Compilation album by Lara Fabian
- Released: November 15, 2010 (France)
- Recorded: 1994–2010
- Genres: Pop, French pop

Lara Fabian chronology
| Mademoiselle Zhivago (2010) | Best of Lara Fabian (2010) | Le Secret (2013) |

Singles from Best of Lara Fabian
- "On s'aimerait tout bas" Released: November 2010;

= Best of Lara Fabian =

Best of Lara Fabian is the first compilation released by Lara Fabian. It debuted at #1 on the Belgium Wallonia chart.

The album focuses mainly on her French success, excluding her first album and previous singles.
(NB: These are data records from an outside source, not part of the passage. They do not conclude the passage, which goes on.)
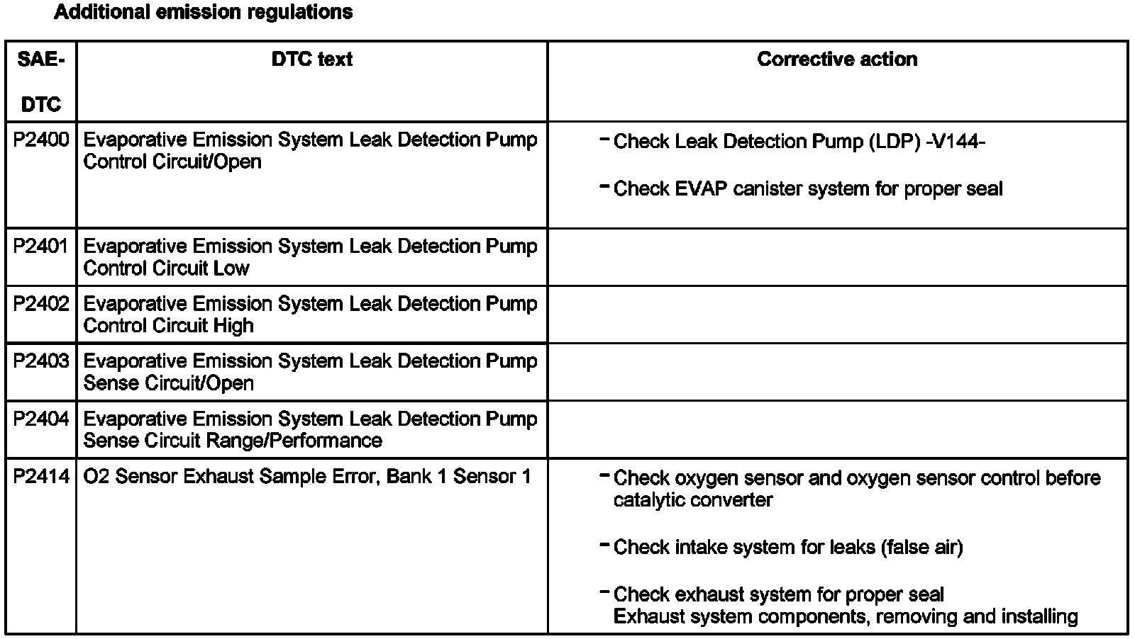 DTC P2400 - P2414: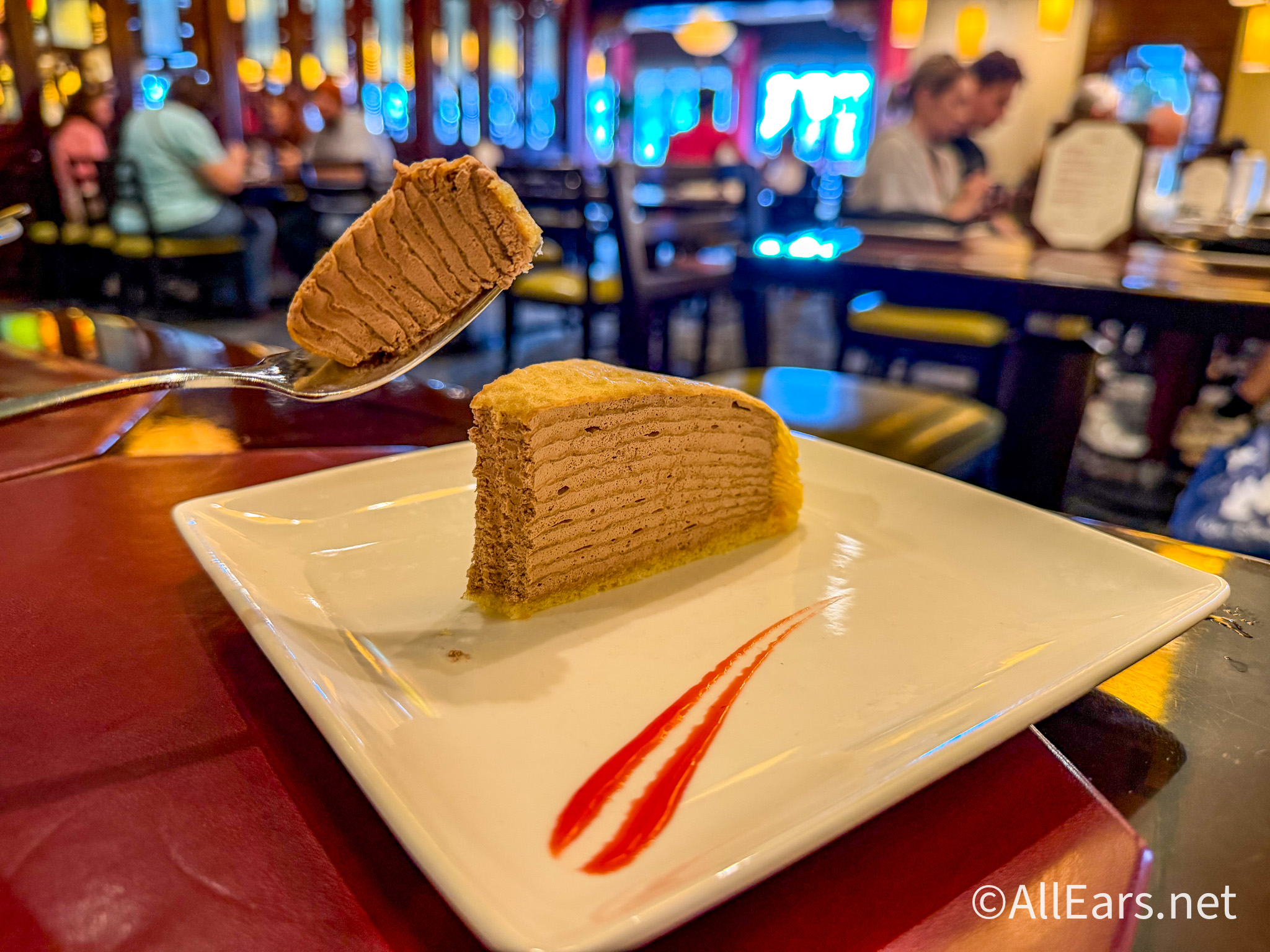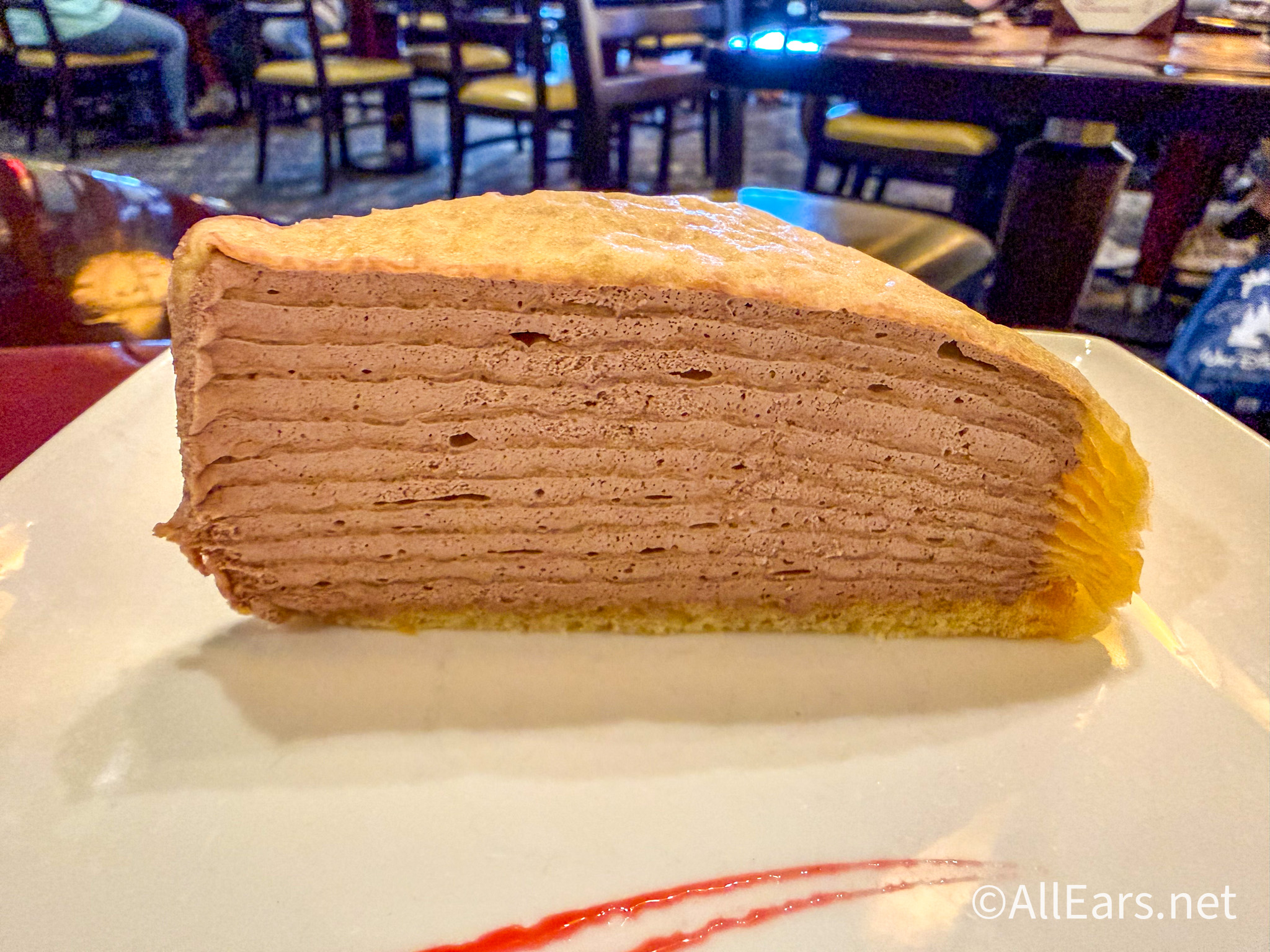 You’ll eat it very quickly because it is still good and it’s very easy to eat. To be honest, we just thought we were expecting a little more. It’s essentially just light chocolate mousse in between crêpes.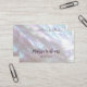 Este elegante cartão de visita de luxo apresenta uma iridescente mãe-de-pera design e um elegante roteiro manuscrito. No verso está um código qr digitalizável e um modelo personalizado para nome, endereço e sociais. Este cartão de visita de vidro profissional é perfeito para salão, maquiagem, joias e muito mais.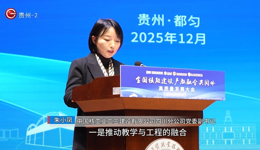 中国核工业二三建设有限公司四川分公司党委副书记朱小凤:我们将深化合作,一是推动教学与工程的融合,将我们60余年积累的技术标准、工艺工法和项目案例转化为可教学、可传承的课程资源,让工程现场走进课堂,实现课堂与现场的深度衔接。二是推进技术与需求的对接,围绕智能建造数字化施工等前沿方向,以真实工程需求为导向,联合攻关,推动创新成果切实落地。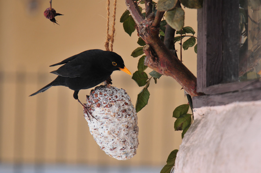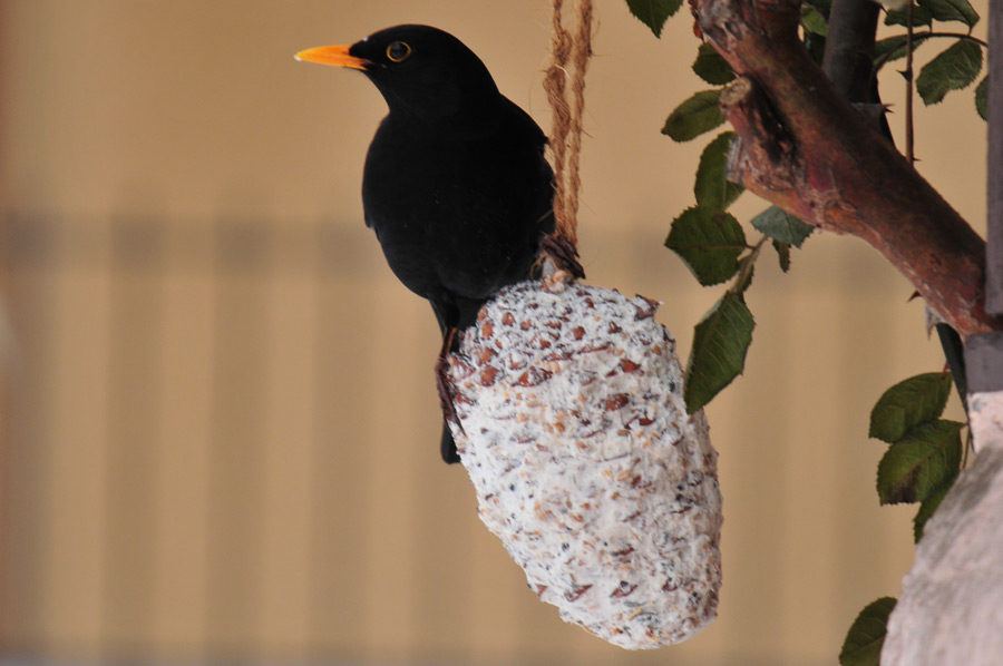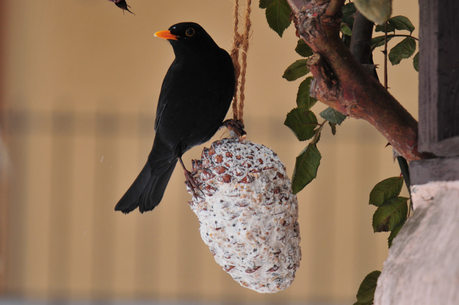 During breakfast, as usual, some birds came up to the window sill, where they found a bowl of water that was very much frequented. This has been customary for years and the birds have got used to our movements behind the window. We quickly got the idea of donating food to the birds, now that everything is covered with snow out there.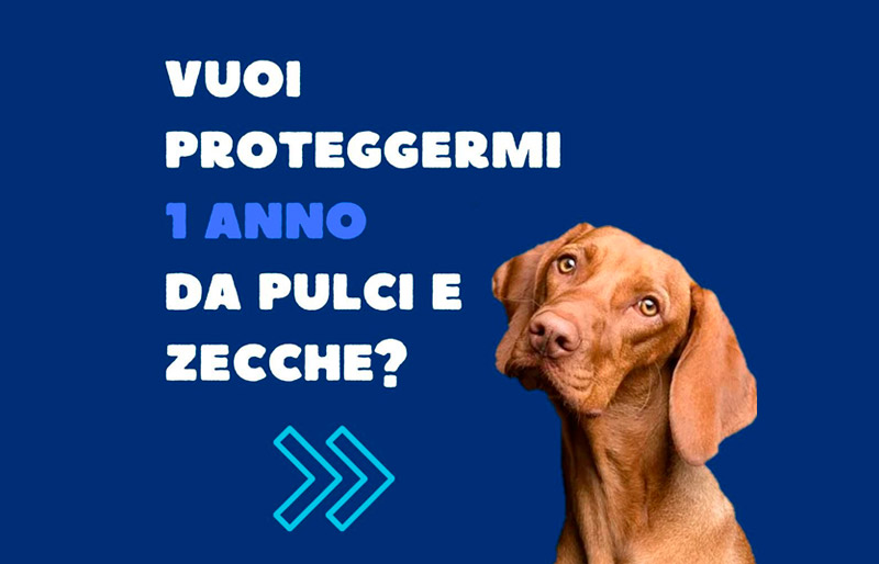 La prima protezione sistemica per cani che dura 12 mesi, garantendo un controllo efficace su pulci, zecche e malattie trasmesse da questi parassiti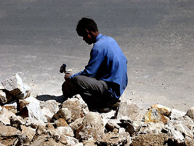 Here a young man is cracking rocks in downtown Bhutan. You see this all over the country, people cracking big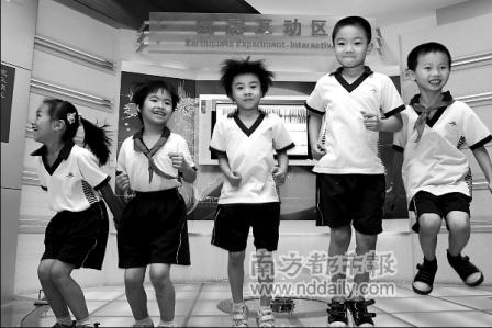 省地震科普館“試震互動(dòng)區(qū)”內(nèi),孩子們跳起體驗(yàn)“震級(jí)”。記者姬東攝

It includes all her charted singles except "I Am Who I Am", "Love By Grace", "Aimer déjà", "L'homme qui n'avait pas de maison" and "Soleil, soleil." In addition to her hit singles, the album features two new songs: the single "On s'aimerait tout bas" and a virtual duet with Ray Charles, "Ensemble."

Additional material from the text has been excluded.